RFR: 8324668: JDWP process management needs more efficient file descriptor handling [v4]

Jaikiran Pai jpai at openjdk.org
Tue Jan 30 16:17:59 UTC 2024


On Tue, 30 Jan 2024 06:52:49 GMT, David Holmes <dholmes at openjdk.org> wrote:

>> src/jdk.jdwp.agent/unix/native/libjdwp/exec_md.c line 129:
>> 
>>> 127:         /* Find max allowed file descriptors for a process
>>> 128:          * and assume all were opened for the parent process and
>>> 129:          * copied over to this child process. We close them all. */
>> 
>> I'm somewhat leaning towards this just being a fatal error. Why would it ever fail? Do we think the version in childproc.c that also does this is doing so for a good reason, or perhaps just like jdwp it used to use the slow version and then kept it around as a backup when the faster version was introduced.
>
> I think we are sliding into " the perfect is the enemy of the good" here. If you want to investigate the resilience of closing FD's then I suggest you look at that in a different PR and let Jai integrate this optimization to avoid the timeouts that were seen.

Hello Chris, I had a look at the ProcessImpl implementation to see why that fallback is in place. Looking at the ProcessImpl implementation, it has "launch mechanisms" when launching a child process. It is configurable through a system property.
By default, when not configured, the ProcessImpl implementation uses posix_spawn() instead of fork(). So in its current form on macos (given the context of this PR), when the ProcessBuilder java API gets used to start child processes, the ProcessImpl's implementation ends up using posix_spawn() and thus this entire file descriptor closing in childproc.c never gets called - neither the closeDescriptors() nor the fallback of closing OPEN_MAX number of descriptors. (I won't go into implementation details of what ProcessImpl does when posix_spawn() is used, because after looking at it, I have more questions than answers and I think discussing those here is going to cause distraction).

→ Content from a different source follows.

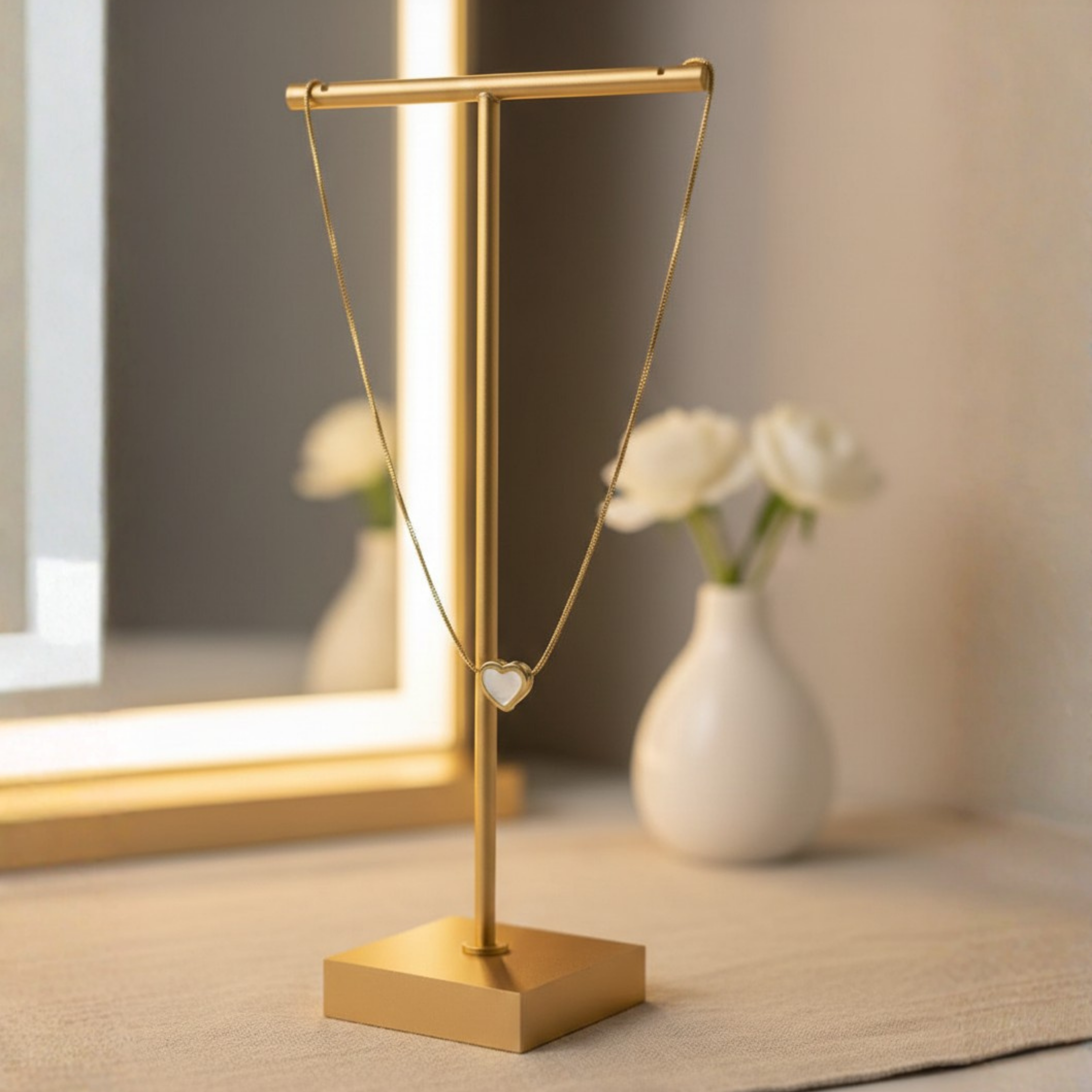 This delicate necklace features a sleek gold-tone chain paired with a petite heart-shaped pendant in luminous mother-of-pearl. The smooth, iridescent surface reflects light beautifully, creating a subtle glow that feels graceful and feminine. Its clean, minimal design makes it easy to wear alone or layer with other necklaces for a modern look.

As for this specific if block, the only time we enter here is if we can't `opendir()` the platform specific directory containing the open file descriptors. Whether or not it realistically happens, I'm unsure. I think having this fallback is perhaps a better option than just failing in such cases - this fallback when activated will certainly "slowdown" the launch of the arbitrary command but when no timeouts are in place, the arbritary command would indeed get launched.